[Dataset entries]
────────────────────────────────────────
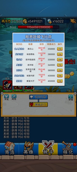 技能系统:除战士终极技能外,其余技能均可在商店用钻石购买。技能升级依赖Boss房掉落的碎片,每次提升可增加500战力。战士终极技能需在战力达23万后的Boss房中才有几率掉落。
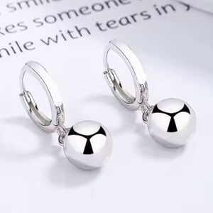 Silver Ball Dangle Huggie Earrings. 925 Sterling Silver. #1129
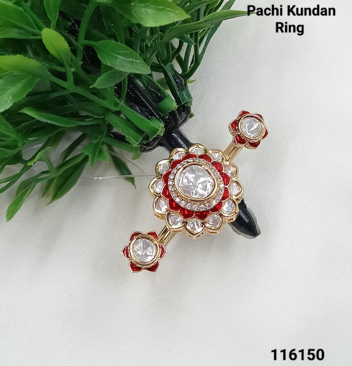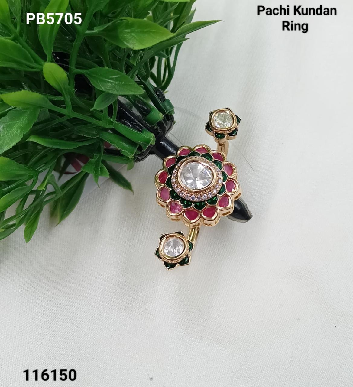 Kundan Adjustable Ring • Green Enamel Floral Wrap Ring • Traditional Indian Jewelry • Ethnic Statement Ring for Women • Bollywood Style Jewelry
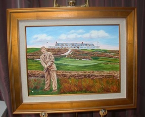 The golf art includes Bethpage, Shinnecock, Olde Vine, Winged Foot and famous golfers. The local scenes are Riverhead, The Big Duck, Montauk and Fire Island Lighthouses, Davis Park, Sayville, Smithtown Bull, Roosevelt and Aqueduct Racetracks and the Statue of Liberty. There is something for every ones price range from $3 note cards, small prints $10, limited edition prints $39 and up, giclees on canvas 16”x 20” $300, larger giclees are available up to 8 feet wide. A few originals are still available. They are usually sold before they are painted. Personalization is available on gifts for any occasion. We also do our own framing to fit in any décor at very, very reasonable prices.
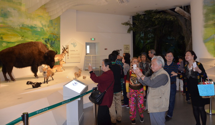 进入博物馆大厅,壮观的恐龙化石和大象标本令老同志们惊叹不已。在讲解员的陪同下,老同志犹如渴求知识的小学生,展开了一场探索大自然奥妙的神奇之旅。重庆厅各种长江鱼类标本的展示,包括两个巨大的中华鲟标本以及中华鲟从幼仔到长大的生长全过程让人叹为观止;恐龙厅各类雄伟壮观的巨型化石令人置身史前时代;生物厅栩栩如生的自然环境令人漫步于北美非洲大草原;贝林厅独一无二的珍稀动物标本则令人深思人与自然的关系。
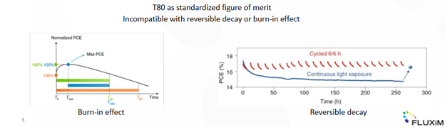 这表明,在实际应用中如果将T80作为标准化的品质因数用于钙钛矿材料稳定性评估时,则会发现这一结果在图5中可见。这一结果不仅难以使其与钙钛矿材料典型的表现特性相协调,并且具体表现在如燃烧效应所示的情况中:其性能先上升后下降(见左图)。此外,在黑暗环境中经过一段时间后能够恢复活性的现象则属于不可逆退化过程(右图)。
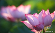 A bee flies near a lotus flower in Nanhu Park in Hengyang, central China's Hunan Province, June 26, 2018. (Xinhua/Cao Zhengping)
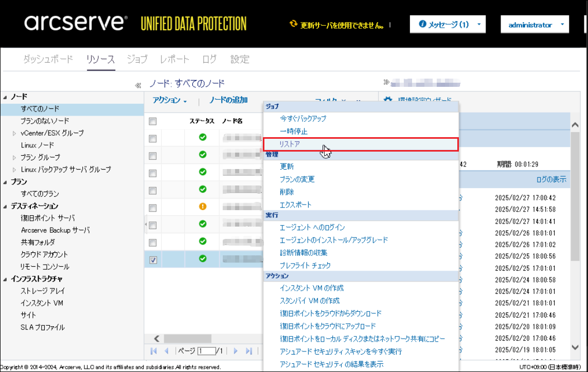 1.Arcserve UDPコンソールの「リソース」画面で、対象ノードを右クリックし[リストア]をクリックします。
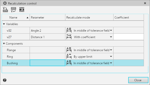 2.Specify the recalculation method for each variable and component. To do this, in the column cell Recalculation method from the drop-down list, select the required recalculation method: in the middle part of the tolerance field, by upper limit, by lower limit, with coefficient (for methods of recalculating sizes, see the table Recalculation methods of model sizes). When using the method with coefficient enter the coefficient value from 0 to 1 in the corresponding cell of the column Coefficient.
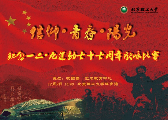 beat365“纪念一二•九运动七十七周年歌咏比赛”决赛将于 2012年12月9日18:40在 中关村校区体育馆举行,包括自动化学院、管理与经济学院等进入决赛的14个学院合唱队将用歌声表达对先烈的缅怀和未来的美好向往。期间beat365大学生艺术团、学生社团联合会也有精彩的节目呈现。
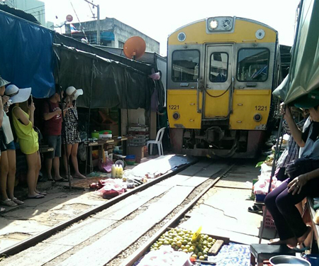 [暢遊泰國] 火車來了,快收攤啊!美功鐵道市場
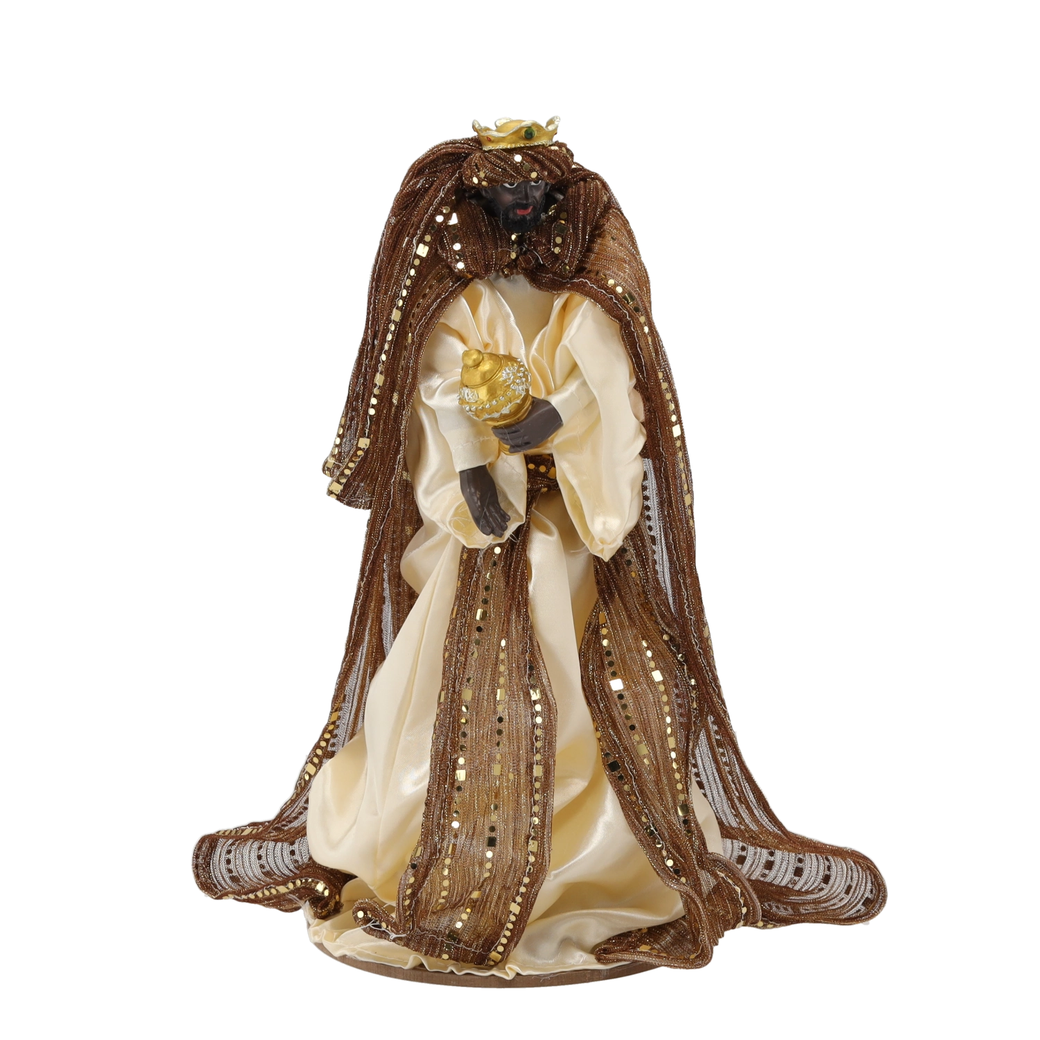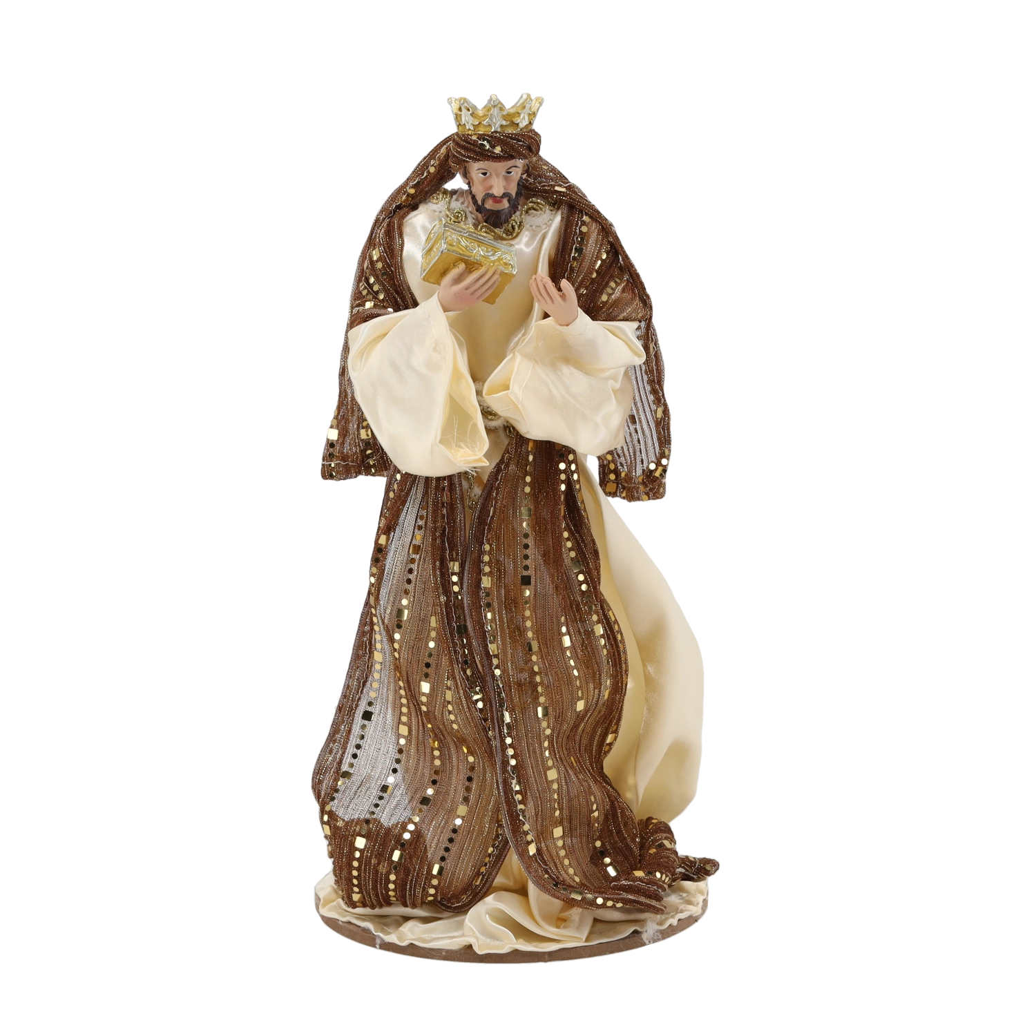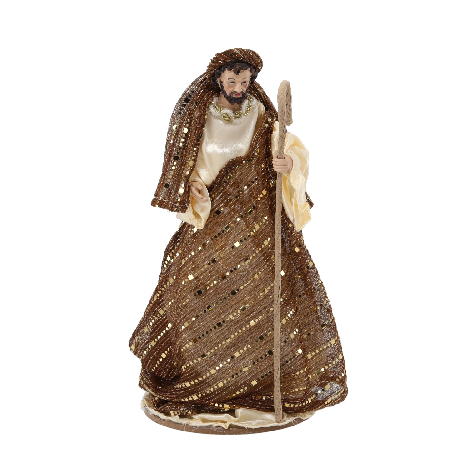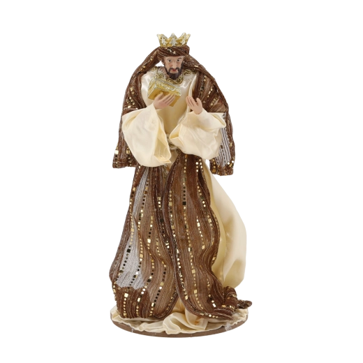 Des traits réalistes, des vêtements texturés et des tons brun doré confèrent aux figurines une apparence représentative qui s’intègre à tout intérieur.
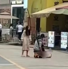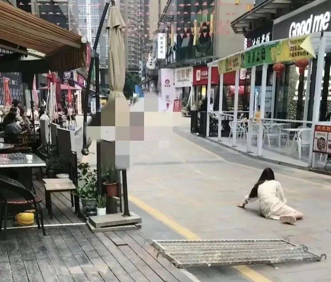 几十米外,一名倒在地上的长发女子正竭力呼喊,疑似劝男子住手。
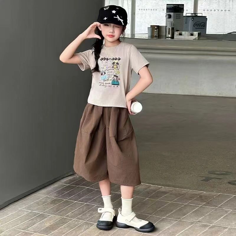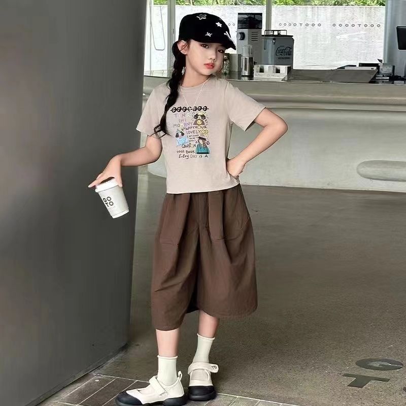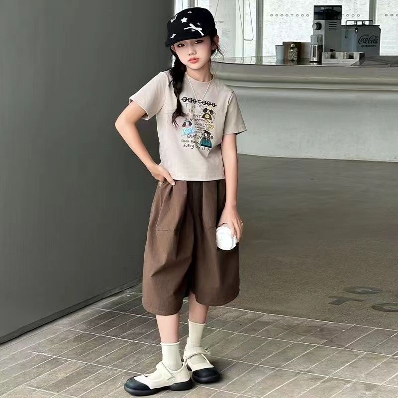 소녀 여름 대학 스타일 반팔 세트 새로운 스타일 느슨한 올매치 크롭 팬츠 2 피스 세트 어린이와 소녀 및 학생스토어 가기
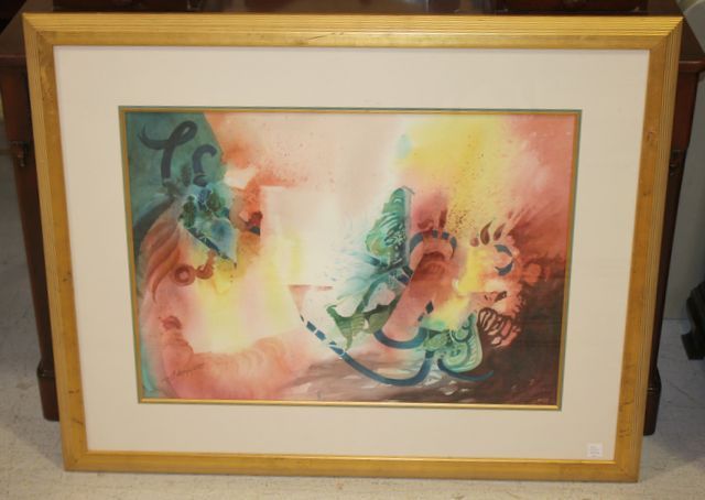 Large Watercolor (Abstract) by Mississippi Artist A. Dennis No title, signed A. Dennis; 41" w., 33" h. Large Watercolor (Abstract) by Mississippi Artist A. Dennis No title, signed A. Dennis; 41" w., 33" h.
────────────────────────────────────────
▶ **About this task**
Return the opening line of the data above and every line after it up to and including the line that holds "Silver Ball Dangle"; pictures stay out.

▶ **Answer area**
 技能系统:除战士终极技能外,其余技能均可在商店用钻石购买。技能升级依赖Boss房掉落的碎片,每次提升可增加500战力。战士终极技能需在战力达23万后的Boss房中才有几率掉落。
 Silver Ball Dangle Huggie Earrings. 925 Sterling Silver. #1129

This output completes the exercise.